The t-test can be divided into 2 components—the numerator is expressed as the difference of means, which is a direct proxy for effect size. The denominator expresses uncertainty on this estimation of effect size and is related to the combined variances amongst samples. By dissecting both the numerator and denominator, it appears that the chief contributor towards reduction in the test-statistic, is due to increased variance due to imputation strategy (Fig. S8).

We considered a more elaborate strategy incorporating both class and batch co-variates. While this strategy did improve the t-statistic distribution, it did not perform as well as M2 in terms of RMSE, gPCA and power.

Imputation methods are no substitute for complete data

In spite of improved performances given more reasonable imputation assumptions, the performance of imputed matrices does not come close to original data without missing values (Figs. 4 and S11). However, we do recognize that we are considering a rather drastic scenario with 50% data loss. However, such high data losses are not unheard of in biological scenarios. In proteomics, 20–30% missing values is usual22. In genomics data, completion is normally higher, although missing values do occur, especially at low abundance levels (this is a form of MNAR). If missing values aggregate mostly at low abundance levels with high coefficient of variances, imputation may not provide satisfactory outcomes. Some normalization strategies e.g. gene fuzzy scoring (GFS) advocate ignoring noise from lower abundance levels due to higher noise23.

Limitations and future work

This work illustrates the importance of batch-sensitization in MVI data processing. We often forget use-case limitations in the design of data processing techniques. Another related example is the necessity for class-sensitization in widely used normalization methods such as quantile normalization24.

Despite the simplicity of our simulations, the results are consistent. We did not perform probabilistic or random value imputation as these methods also can add noise and unpredictability into our models. It will take more simulations for the results to converge, without adding much value.

Future work may take into account the mechanism of distinct MVs such as MAR and MNAR, which are known to impact downstream analyses4. Amongst MVIs, we have opted for the simplest mean-based imputation method which is purely univariate.

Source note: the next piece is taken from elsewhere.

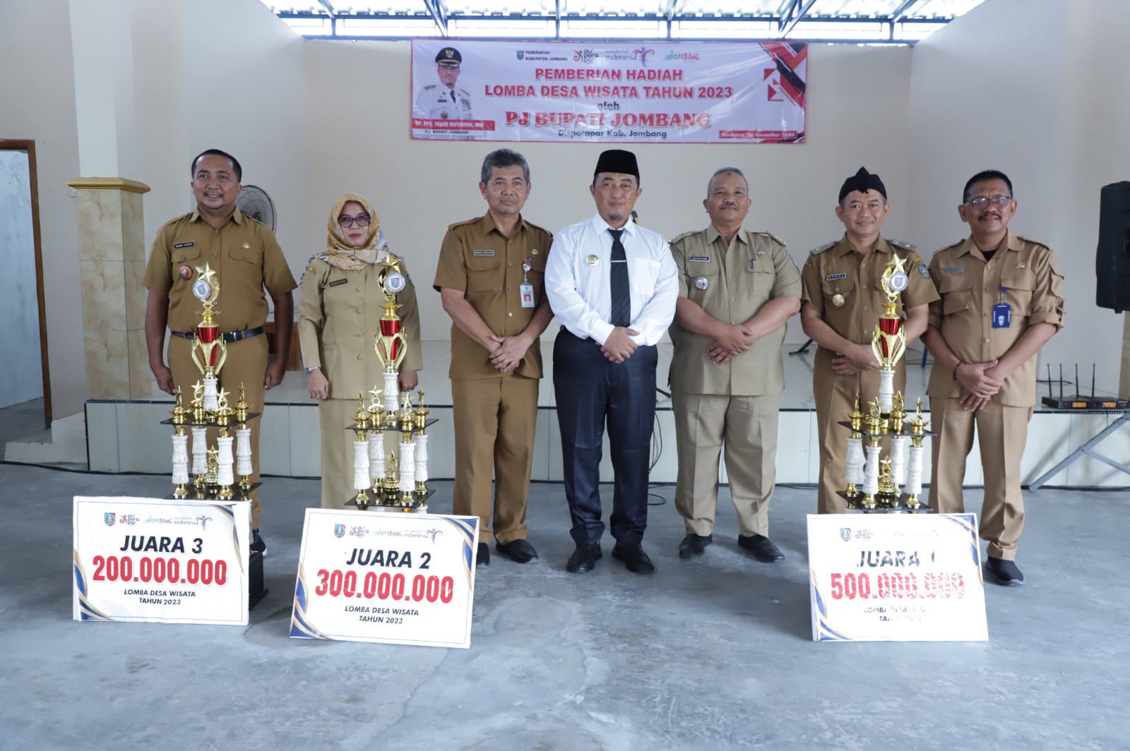 “Saya ucapkan selamat kepada para pemenang lomba desa wisata tahun 2023, yaitu Desa Ngampungan Kecamatan Bareng dengan wisata Pandansili, Desa Bulurejo Kecamatan Diwek dengan Agrowisata Sumberceleng, dan Desa Mojotrisno Kecamatan Mojoagung dengan wisata Pasar Barongan", tutur Pj Bupati Jombang Teguh Narutomo.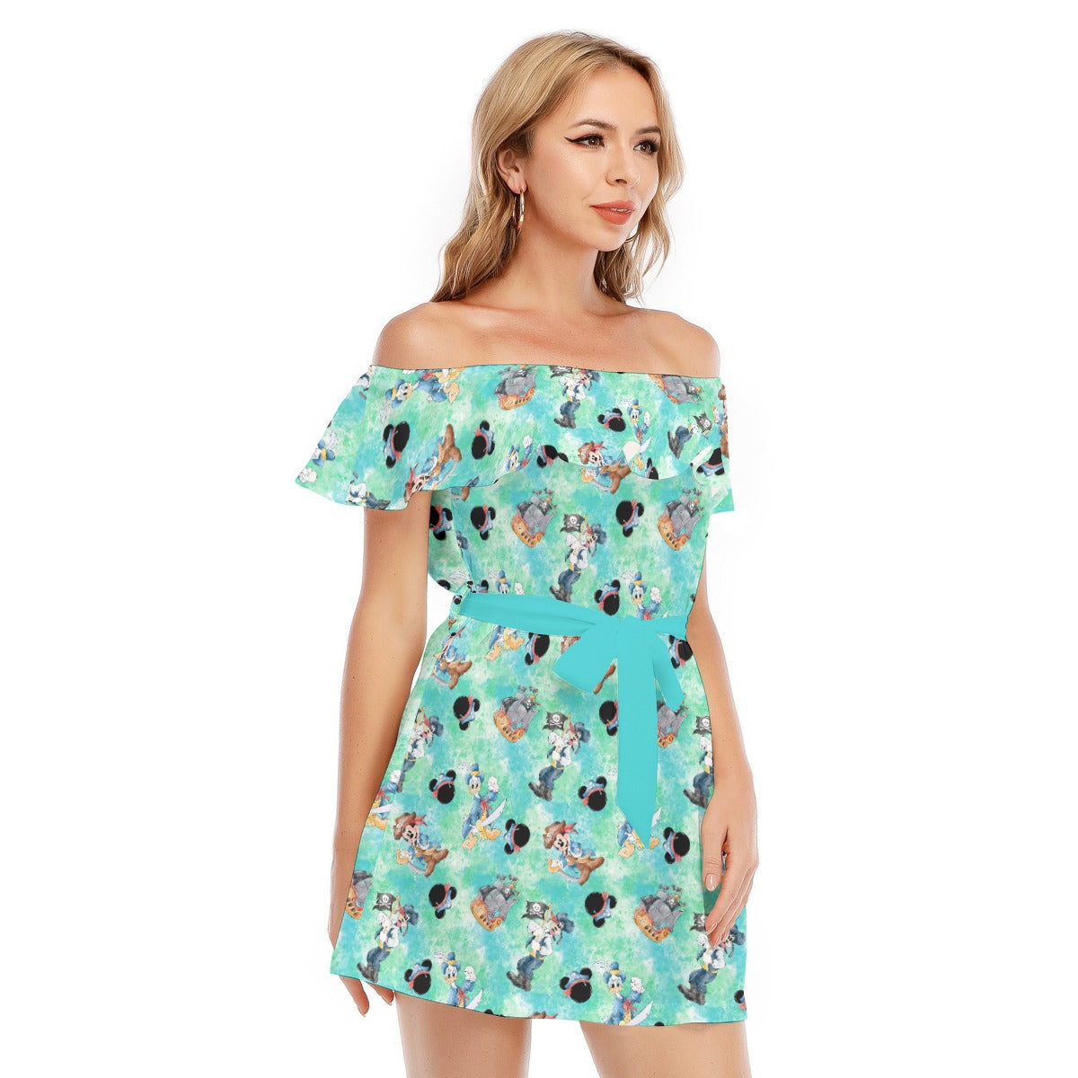 Pirate Crew Watercolor Adventure - Women's Off-shoulder Ruffle Dress

While global and other more MVI sophisticated methods are not explored exhaustively, we expect that these approaches should also be compatible with M2. The difference was not obvious in our preliminary analyses with more sophisticated MVI methods.. This may be due to the algorithm imputing MVs by drawing information from the most similar data points and thus, drawing information from their own batches anyway, resulting in the diluted effect of M2 imputation. Indeed, some MVIs may already be batch-resistant due to design and assumptions: Identifying which are, explaining why this is so, and determining how robust is the batch resistance, is worth investigating in future works. We also did not perform probabilistic or random value imputation. These methods also can add noise and unpredictability into our models. Presumably, it will take more simulations for the results to converge, without adding much value.

Conclusions

Missing data is pervasive in real world data. Direct imputation in the presence of batch effects may mislead. We show that M2 approaches (batch-sensitized) improves performance. We also show that imputation by M1 (global) and M3 (cross-batch) introduce noise, which contribute directly towards false positives and false negatives. Indeed, M1 reflects standard practice where batch correction is only considered and performed following global imputation. However, M2 reveals to us that batch effects should be considered early on during the MVI process itself.